If competitors use unfair means to gain a competitive advantage, companies can usually send them a warning letter and work towards a cease-and-desist declaration with a penalty clause. But does this also apply to breaches of the General Data Protection Regulation (GDPR)? The Court of Justice of the European Union (CJEU) has now confirmed this at the highest court (judgment of 4 October 2024, ref.: C-21/23).
The case
This was preceded by court proceedings in which a pharmacy wanted to send a competitor a warning letter due to an alleged GDPR infringement and obtain a cease-and-desist declaration.
The German Federal Court of Justice then referred the question to the CJEU as to whether the GDPR permits a national regulation that allows companies to take action against competitors who they believe have violated the regulation – or whether the GDPR has a blocking effect in this regard.
The judgment
The CJEU judgment has caused quite a stir in some quarters. Since then, some data protection consultants have been conjuring up the end of the world and announcing the imminent destruction of companies’ existence.
It is high time to take a sober look at the judgment.
The answer to the first question referred in paragraph 73 is decisive: The General Data Protection Regulation, in particular Chapter VIII, does not preclude a national provision that allows competitors of an alleged infringer to issue a warning to the latter.
Current judgements on the GDPR
Read our regular reviews of data protection law rulings to stay up to date!
Legal assessment
Data protection law and competition law
Anyone who is really surprised by this judgment has either not followed the discussion so far or has taken the opposite view, presumably for strategic reasons and for the benefit of their own clients.
Data protection law and competition law have two different approaches. The former protects the rights of data subjects, while the latter protects the market and explicitly also market participants from unfair competitive behaviour.
Why a provider should not be able to defend itself against a competitor who gains some kind of competitive advantage in violation of applicable law can only be justified in a rather flimsy manner. Whether it is ultimately a question of the infringing competitor saving costs or gaining and manipulating customers in an unauthorised manner is less relevant.
It is also irrelevant whether the data protection rights of a data subject have been violated at all.

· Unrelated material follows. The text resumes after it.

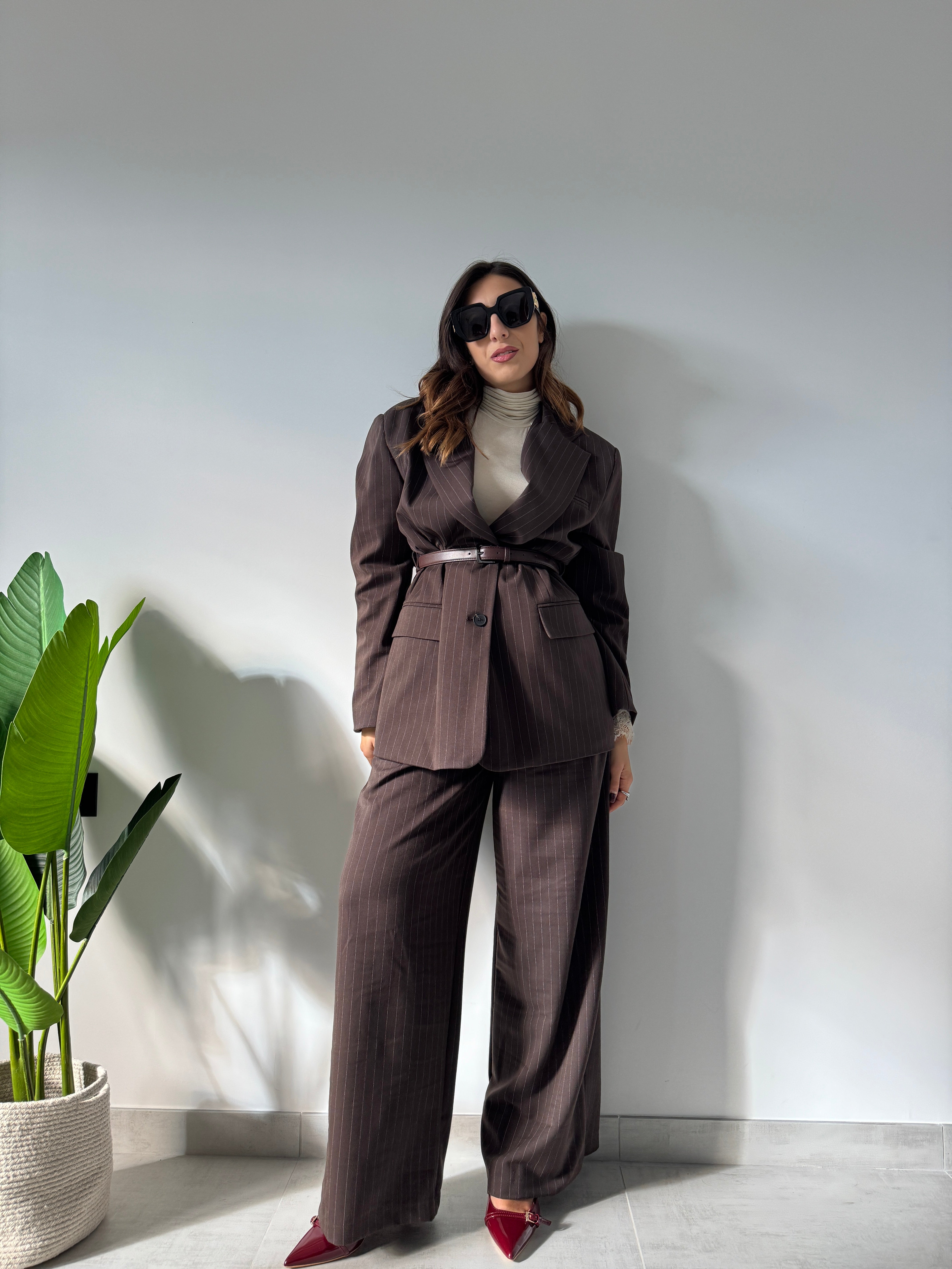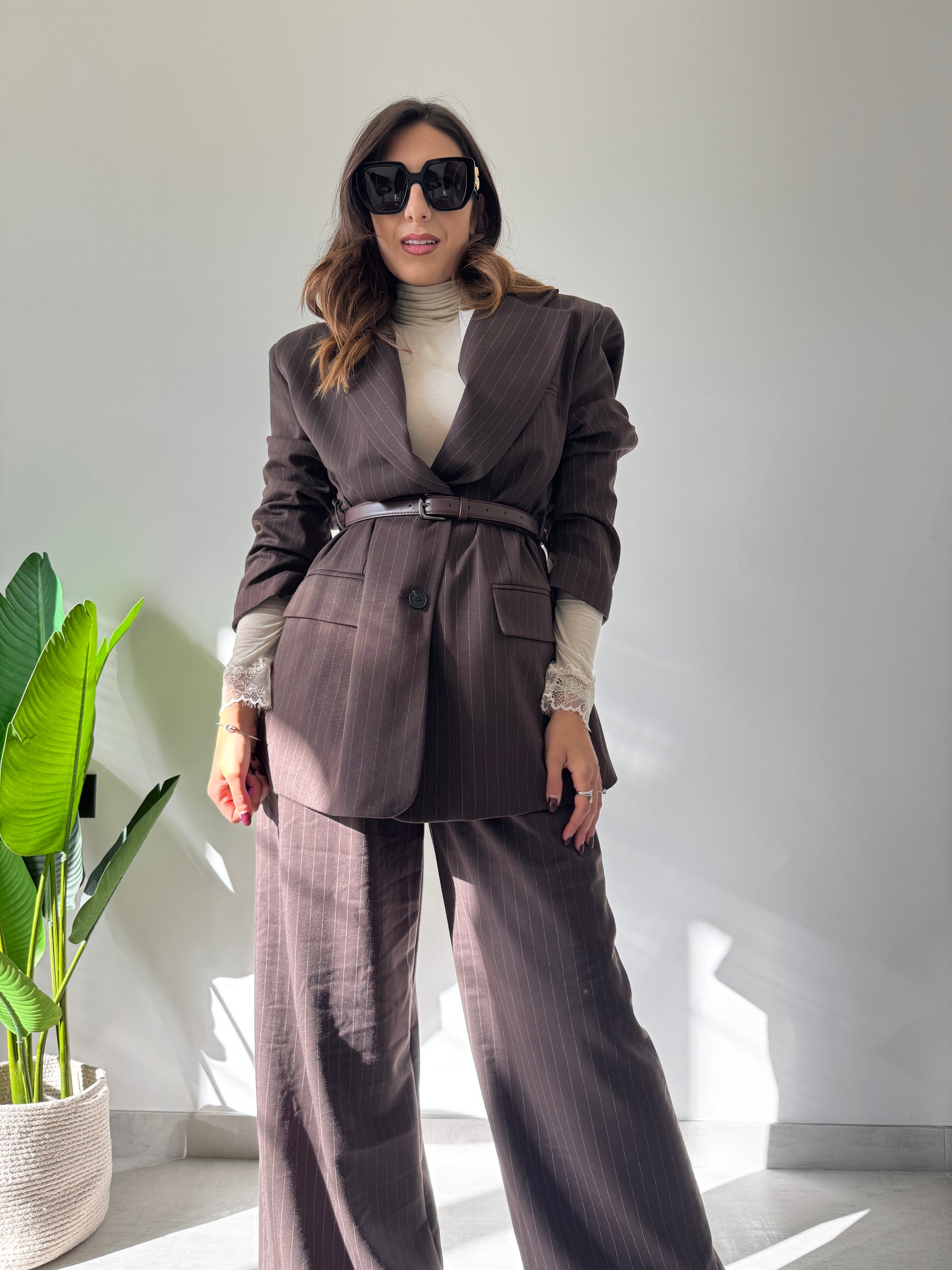 Giacca modello over firmata casa Lumina con spalline interne, bottoni centrali di chiusura, cinturino sul punto vita incorporato nella variante cioccolato e taschino a filo laterale.
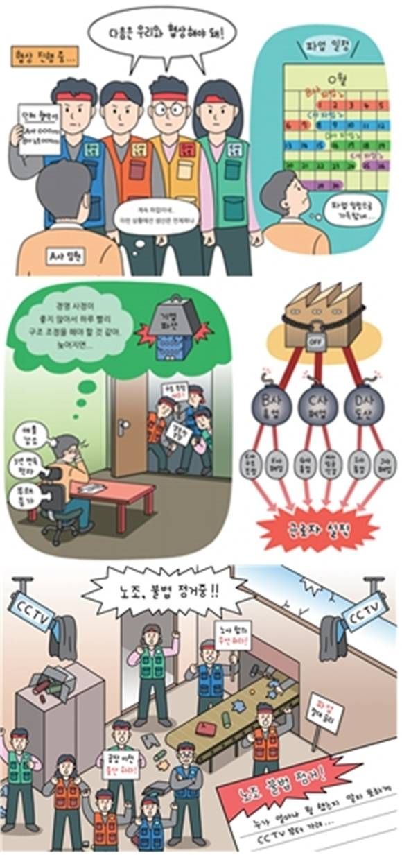 구체적으로 카툰북에서는 사용자 범위 확대에 따른 교섭·파업 급증의 문제점을 다뤘다. 연중 내내 줄줄이 놓인 파업과 교섭 일정에 치여 정작 기술 개발과 신규 시장 발굴은 물론 생산 차질까지 겪으며 기업 경쟁력 악화에 직면한다는 내용이다. 또한, 카툰북에서는 구조조정이 필요함에도 노조 반대에 회사가 결국 문을 닫게 되는 상황을 예시로 들며 노동쟁의 범위 확대에 따른 경영권 간섭 심화 문제를 지적했다.

The only decisive factor is that the unfair behaviour disturbs fair competition.
If you look at the long history of competition law, there are various things that can land an entrepreneur with a warning letter. Most of them have nothing at all to do with data protection.
To summarise, it is therefore nothing new at all that not adhering to the rules of the game in competition and thereby gaining an unfair advantage can be a boomerang. It would have been rather strange if there had suddenly been an area of law in which unfair behaviour by competitors was simply acceptable.
So the oh-so-big surprise is not a surprise at all.
Consequences for companies
As for the doomsday scenarios now being described by various consultants, on closer inspection these turn out to be dull puffery.
Firstly: A warning does not threaten the existence of the company.
If the warning is justified, the only consequence is that you must first of all give an assurance that you will behave correctly in future and put an end to the breach of competition law. In other words, you do not have to do anything other than what you would have had to do anyway.
If you have to pay the costs of the opposing lawyer, this is certainly annoying, but such a training fee is certainly not even close to jeopardising your existence.
It only becomes expensive if you continue to commit the offence or commit it again. This is because the penalty payment typically agreed in connection with the cease-and-desist declaration is then due and this can indeed be substantial. After all, the penalty defence is intended to ensure that the obligation to cease and desist is complied with. The amounts are correspondingly high in order to be a real deterrent.
A wave of warnings is unlikely in Germany
In addition, concerns about the next wave of warnings (remember Google Fonts) are unfounded. This is ensured by § 8c of the German Unfair Competition Act (UWG), which is no longer entirely new and whose paragraph 2 puts a stop to the warning industry right from the start:
“An abusive assertion is to be assumed in case of doubt if the assertion of the claims primarily serves to give rise to a claim against the infringer for reimbursement of expenses or costs of legal action or the payment of a contractual penalty […]”
Of course it is unpleasant to receive a warning letter and to have to defend yourself against it if necessary. It costs time and money.
The better way would be to be demonstrably (!) compliant and, in particular, to observe data protection law.